The dialectic in the previous two paragraphs applies in general to any version of the reply under discussion, which recall claims that formal equivalence results, plus empirical equivalence, plus some extra ingredient suffice for semantic equivalence. The closer the extra ingredient comes to semantic equivalence itself, the more the charge of redundancy becomes stark. Yet the closer the extra ingredient comes to simply empirical equivalence, the more dubious the inference from formal equivalence plus empirical equivalence plus the extra ingredient to semantic equivalence becomes. As a result, the demand for some independent justification for the inference begins to seem all the more urgent.Footnote 13

A final potential reply to Sklar-style counterexamples for proponents of formal criteria is that the sentential criteria are meant to apply only to first-order theories formulated in some privileged vocabulary, of the sort we encounter when doing physics, rather than ordinary natural language expressions like ‘lion’ or ‘tiger’. And as concerns such first-order theories, we cannot straightforwardly appeal to the interpretations we in fact employ to generate counterexamples to sentential criteria (most ordinary speakers never use the relevant vocabulary).

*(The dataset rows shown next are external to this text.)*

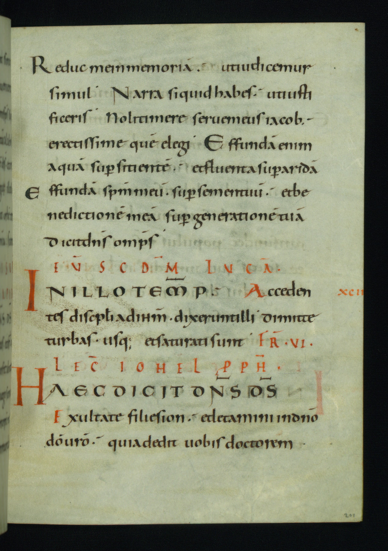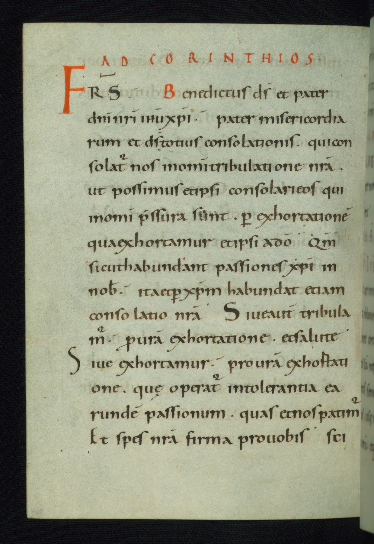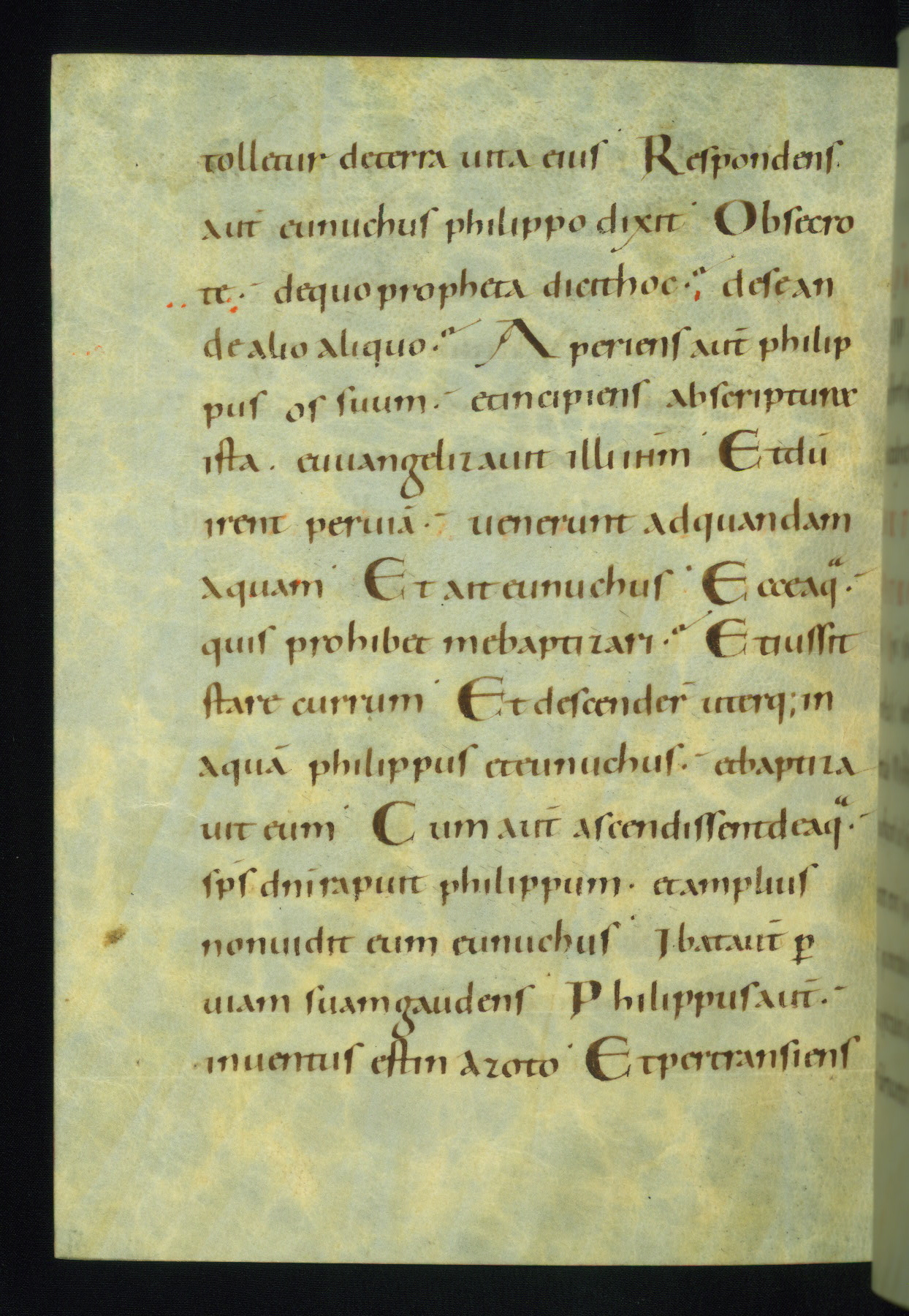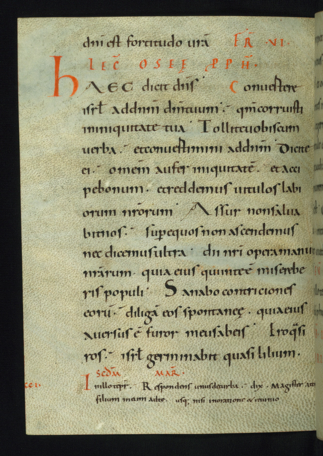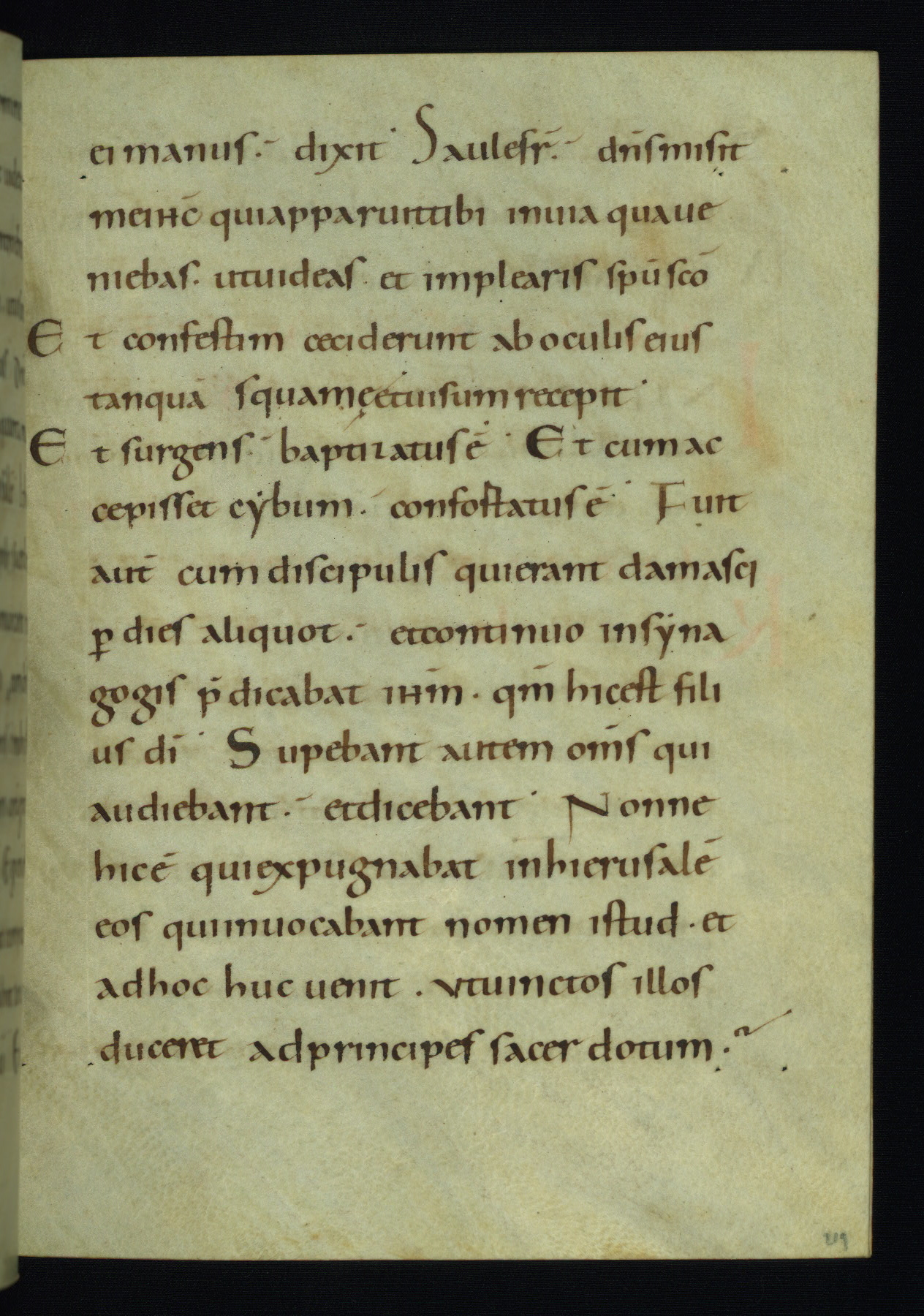This Lectionary was created ca. 1000 in Trier. Written in a clear Caroline minuscule, it contains decorated initials at the openings of important readings. A set of illuminated letters marks the beginning of the Epistle and Gospel lessons for Easter; they display the hierarchy of scripts with capital letters decorated with gold leaf or drawn in red ink, followed by uncial and Caroline minuscule. Initials in orange, sometimes filled with gold, mark the divisions of the text. The book has been stylistically compared with Ottonian manuscripts, especially with a Psalter preserved in Trier (Stadtbibliothek, Ms. 7) illuminated by the so-called Master of the Registrum Gregorii.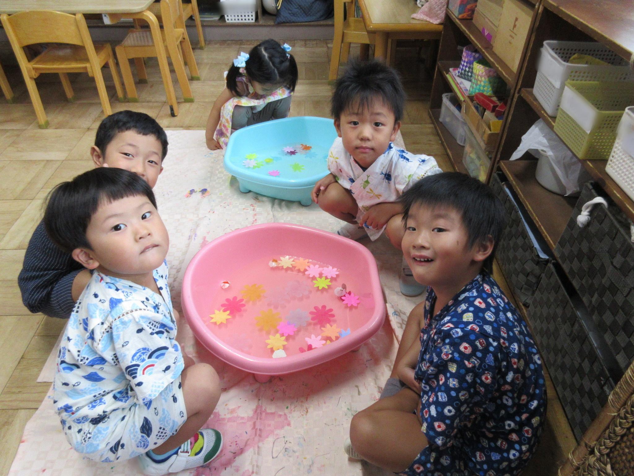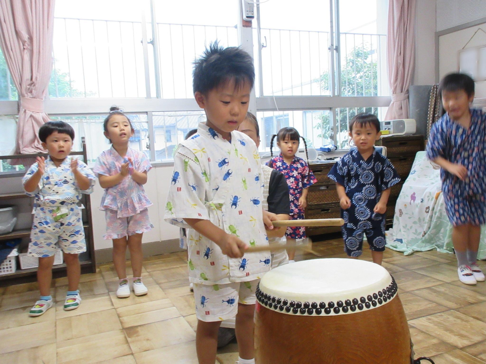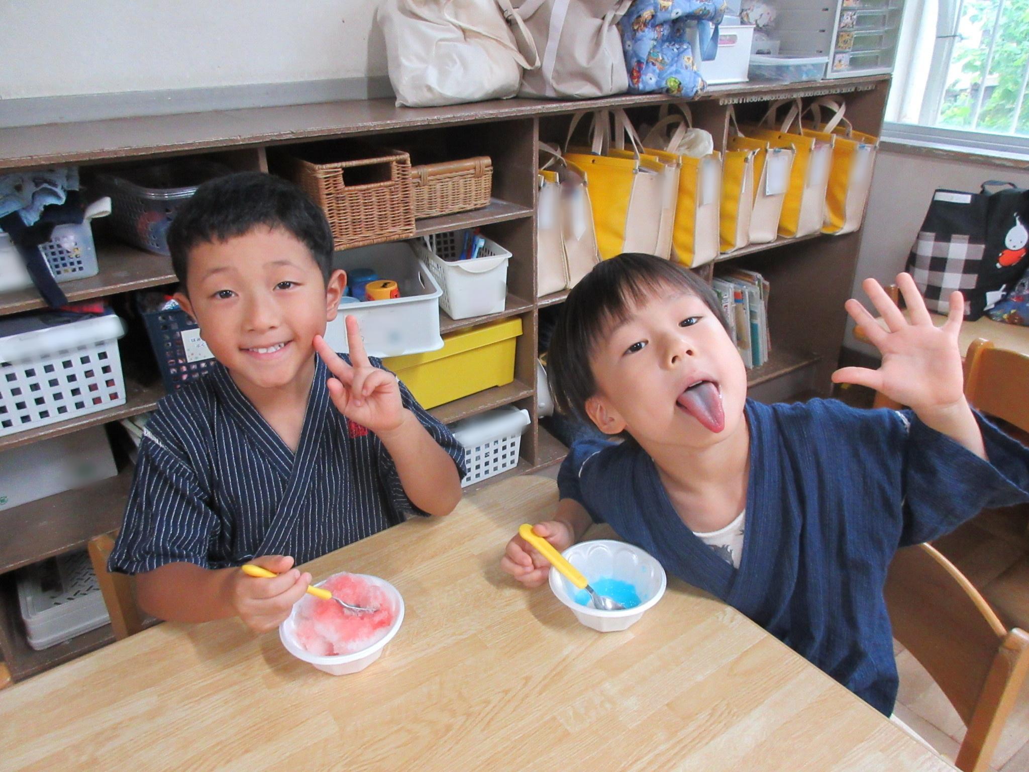 夏まつりごっこ 24/08/28 盆踊り、楽しいね。 ドドンがドン、和太鼓に挑戦したよ。 お水の中で、お花が咲いたよ。とてもきれいだったよ。 カブト虫コーナーでカブト虫触ったよ。 かき氷、美味しいね。先生、見て。舌ベロが青いよ。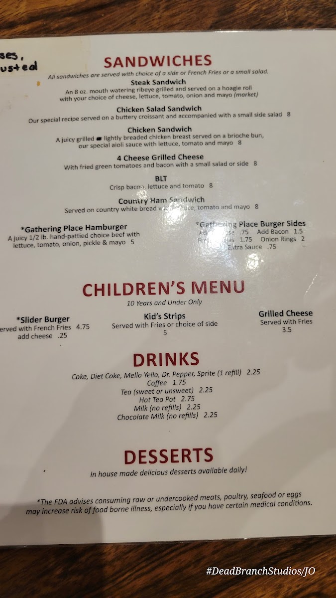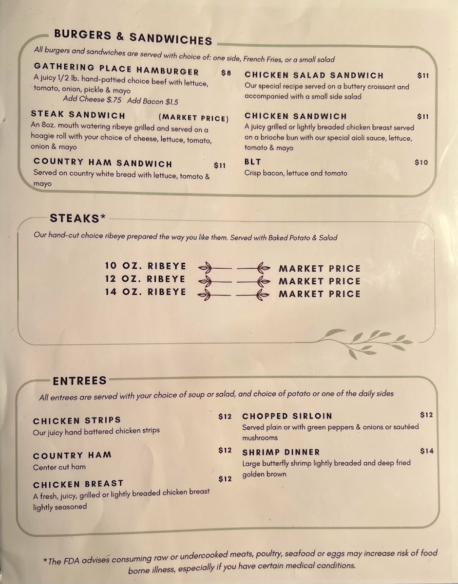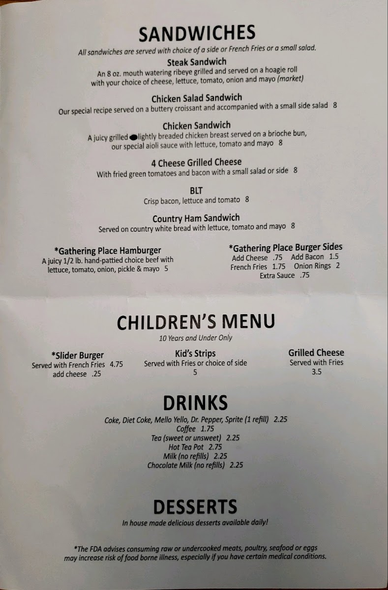 Welcome to Gathering Place Cafe Menu, located at 4500 107 Cutoff in Greeneville, TN. This cozy spot offers a delightful range of dishes, perfect for anyone looking to enjoy a relaxed meal with great flavors. Whether you're stopping by for breakfast, lunch, or dinner, there’s something for every taste. From hearty comfort foods to lighter bites, the menu is designed to make you feel right at home.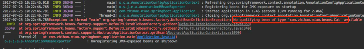 说明Cat类并没有纳入到spring容器中,这个结果也如我们所想,因为@SpringBootApplication只会扫描@SpringBootApplication注解标记类包下及其子包的类(特定注解标记,比如说@Controller,@Service,@Component,@Configuration和@Bean注解等等)纳入到spring容器,很显然MyConfig不在@SpringBootApplication注解标记类相同包下及其子包的类,所以需要我们去配置一下扫包路径。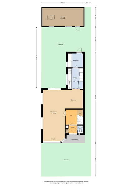 We kunnen de tuin betreden door de zojuist genoemde schuifpui, maar ook via de aan de keuken grenzende bijkeuken, waar momenteel de was- en drooggelegenheid is geplaatst onder een werkblad waar u fluitend de was op kunt vouwen.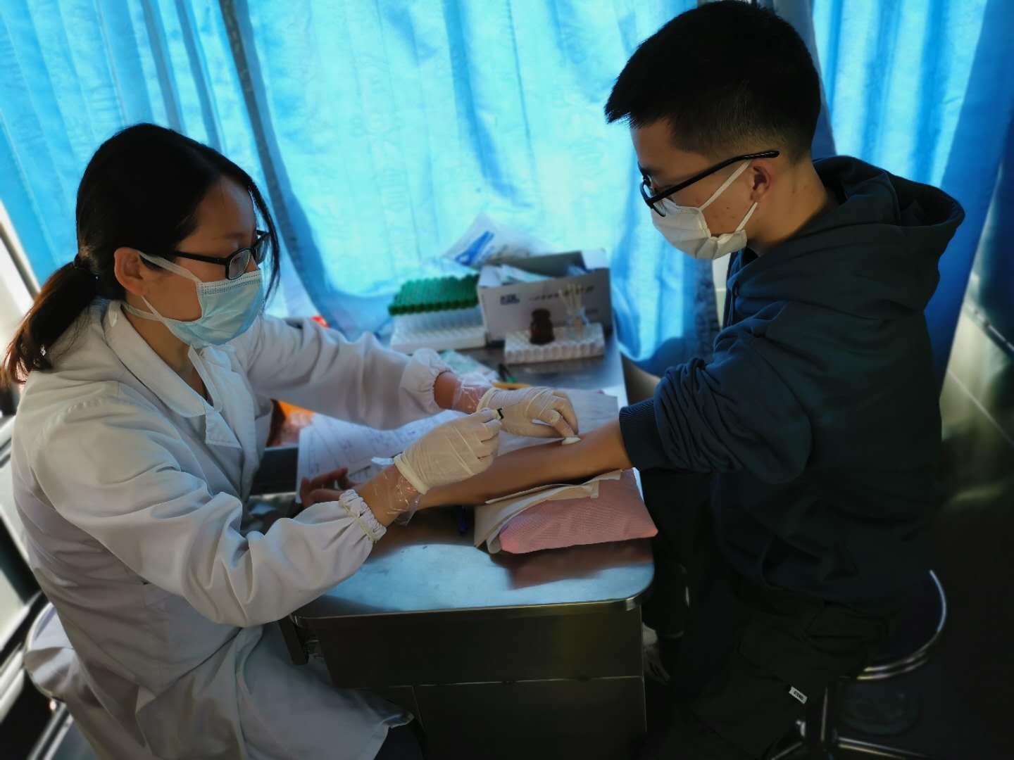 在市中心血站工作人员的引导下,大家认真填写献血登记表、测量血压、抽血化验,经血液检验合格后再开始无偿献血。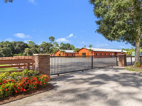 A private training oasis with 2 barns totaling 26 stalls, oversized arena measuring 250 x 250, 4.5-acre grass riding field, round pen and 12 large paddocks with mature shade trees. There are two center-aisle barns, with 14-stalls and 12-stalls, and one with a studio apartment. Each barn has 2-tack rooms, feed & storage rooms, half-bath, and 3-grooming stalls. There are 4 wash racks in the courtyard, 2 of which are covered. There is a clubhouse with a kitchenette, 2 private staff rooms, 2 full bathrooms and beautiful observation deck overlooking the riding arena. The equipment shed also includes an office/studio with full bath. The entire property is completely fenced with an electric gate. This property is perfect for all disciplines of riding and a great income producing opportunity. Other features:
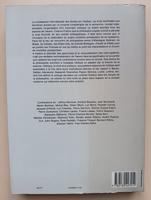 Ed. Presses Universitaires de France, Coll. "Léviathan", 1990, 418pp, In-8. Bon état. Couverture souple à rabats illustrée éditeur. (Second plat insolé). Une dizaine de pages sont annotées au stylo plume, sinon, intérieur impeccable.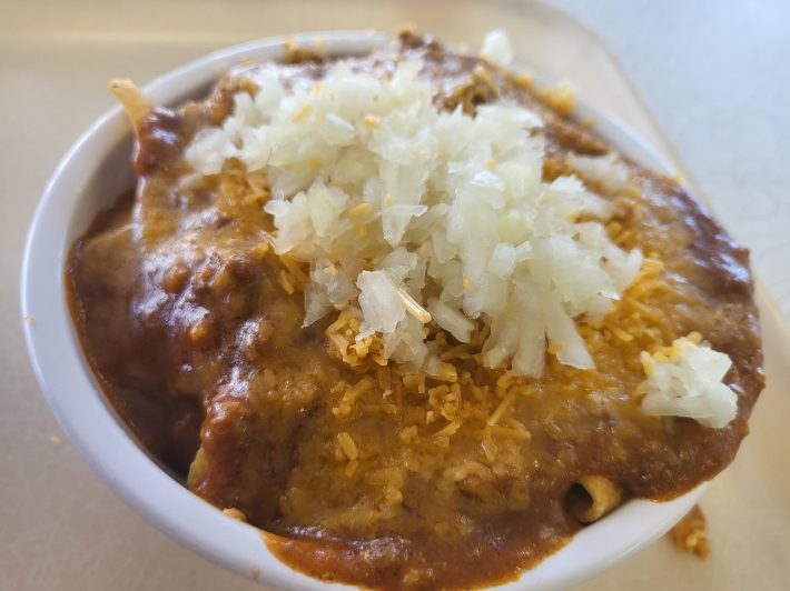 As I walked to the counter, I ordered two Chili Dogs with cheese, a bowl of Oklahoma-born Chili Frito Pie with cheese, a plate of Greek spaghetti with chili and cheese and, plucked from a tub right next to the register, a triangle of freshly made Baklava, one of this state’s best treats.
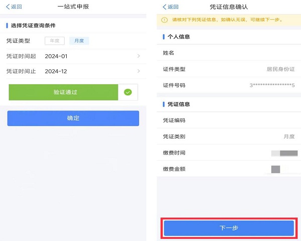 打开【个人所得税 APP】,选择【办&查】—【个人养老金扣除管理】—【“一站式”申报(免下载凭证)】,开启一站式申报。进入一站式申报页面后,选择【凭证类型】和【凭证时间】,滑动验证条,点击【确定】,查询本人的个人养老金缴费凭证信息。对凭证信息确认无误后,点击【下一步】。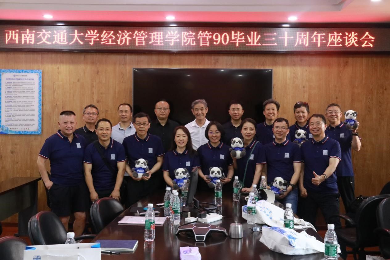 管90毕业三十周年座谈会在九里校区0号教学楼0607会议室举行。出席本次座谈会的有学院党委书记郭强、院长韩科、综合事务办公室主任何鹏、学院教师代表张震宇,以及时任管理工程系党总支副书记梁锦唐和13名从海内外返校齐聚在一起的管90校友们。
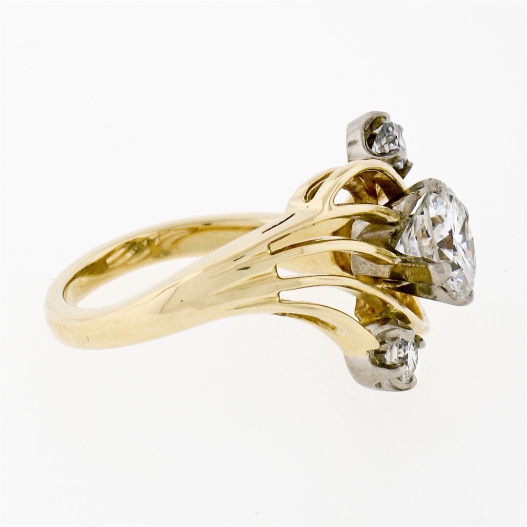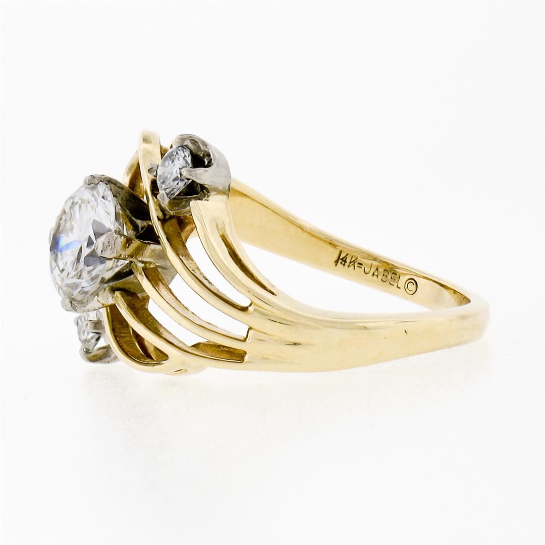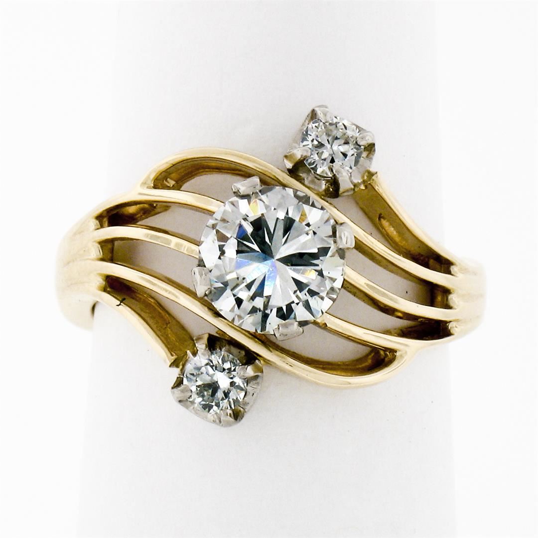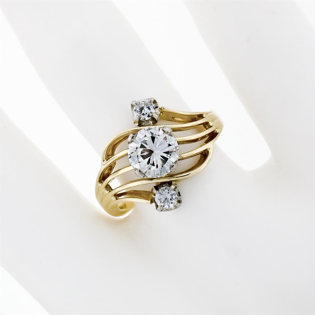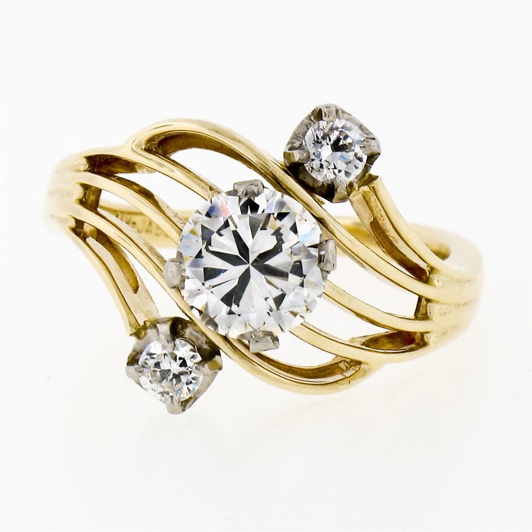 An anitqiue solid 14 yellow gold and white gold open swirl engagement ring. with 1 Gia certified round brilliant cut natural diamonds (G - SI1 ; 1.03ct), and 2 old european cut natural diamonds (G/H - VS1/VS2 ; 0.16ctw). The ring is size 5.5, weighs a total of 4.27 grams, and measures 14.7mm wide. Comes with all original relevant certifications.

But this reply is also untenable. We must ask what the relevant interpretation of the vocabulary at issue is, relative to which sentential criteria are supposed to bear on semantic equivalence. The natural answer here is the interpretations employed by practicing physicists using the relevant vocabulary. And now two problems arise. First, even relative to these interpretations, it is dubious that the sentential criteria, even conjoined with empirical equivalence, will imply semantic equivalence. Consider my example above concerning the absolute speed of the centre of mass of the universe at a Newtonian world: those single-sentence theories arguably pass the privileged vocabulary restriction we are considering, and remain straightforward counterexamples to any extant sentential criterion plus empirical equivalence implying semantic equivalence on the relevant interpretations. Second, even bracketing that point, I will argue below against a similar proposal for non-sentential criteria (what I call the physics deference proposal). Analogues of the points I will make there can be made against the present attempt to restrict sentential criteria.

The upshot of this section is that the original counterexamples cannot be easily dismissed. I conclude that sentential criteria seem to be straightforwardly bad guides to semantic equivalence. I take this moral to cast doubt on any plausible and interesting view according to which such criteria have non-mathematical significance, let alone bear on semantic equivalence. For, any interpretations of the sentential theories at issue on which such a claim might be true will be far-fetched and patently unrelated to the interpretations we in fact employ and care about.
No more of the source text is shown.